Kaestner goes out the day before or morning of a birding expedition to scope out potential birding spots and see where the feathered action is. Sometimes, he will announce a destination only to change it because of bird activity. You don’t know where you’re going with Hank Kaestner until the birding starts.

When we arrived at Shelburne Beach, there are a group of crows that are upset. It takes a few moments to find the source of their consternation. A red-tailed hawk. The flock of crows are darting in and pecking at the much larger predator. Their heroism bolstered by their numbers.

The spark bird
Kaestner has been birding since he was 10 years old.
“Serious birdwatchers have what they call their spark bird. That’s the bird that they saw that gets them interested in birdwatching. I’ve never met a bird watcher that didn’t have a spark bird,” Kaestner said.

His spark bird was a vermilion flycatcher. He was visiting his grandparents in Mexico City when he was 10 years old. Until then he’d been interested in and collecting butterflies, when a brilliant colored bird flew up to the picnic bench where he was sitting.

Photo by Bradley Hacker/Cornell Lab of Ornithology A vermilion flycatcher was Hank Kaestner’s spark bird, the bird he saw that imbued him with a passion for birding.
Photo by Bradley Hacker/Cornell Lab of Ornithology A vermilion flycatcher was Hank Kaestner’s spark bird, the bird he saw that imbued him with a passion for birding.

“As a budding naturalist, I wonder what the name of that bird is,” Kaestner said.

He didn’t have a way to find out then, but the next day he was in a bookstore. There was a bird book with a photo of the bird he had seen the day before on the cover. He bought the book and identified the bird as a vermilion flycatcher, common in the western and southwestern United States, but not so much in Kaestner’s hometown of Baltimore.

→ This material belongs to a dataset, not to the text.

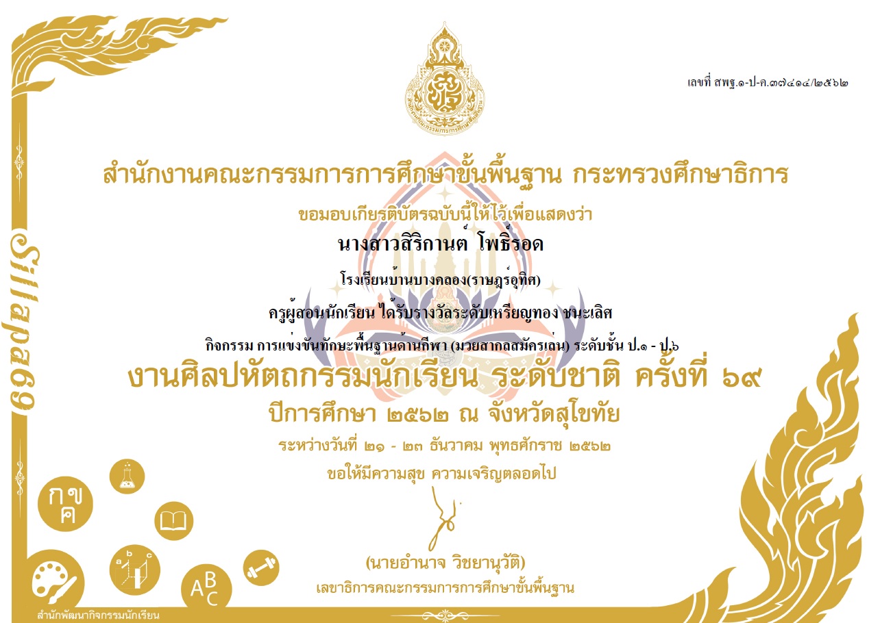 ชื่อผลงาน : รางวัลชนะเลิศ เหรียญทอง การแข่งขันงานศิลปหัตถกรรมนักเรียน ครั้งที่ 69 ระดับชาติ

He was hooked. Kaestner is the oldest of five brothers, and he got them all interested in birding, eventually even his brother Peter who was 2 years old at the time of Hank’s birding epiphany.

When organizing family events, their father would say, “I’ve got five boys. The oldest is interested in birdwatching; let’s go birdwatching.”

As the years passed, brother Peter Kaestner caught the bird bug big time. So big, that like Hank, he travels the world trying to add to his bird list.

In fact, Peter was written about this month in The New York Times and on the cover of The Baltimore Sun because he is the first person in history to have gotten to 10,000 species on his bird list.

There’s a photo in The New York Times article of Peter Kaestner in the Philippines on Feb. 9, after snapping a photograph of his record-breaking 10,000 bird — an orange-tufted spiderhunter.

According to The Times, 10,000 had once been thought unachievable. Consider that there are only an estimated 11,000 species of birds in the world. And, only 750 in the United States and Canada.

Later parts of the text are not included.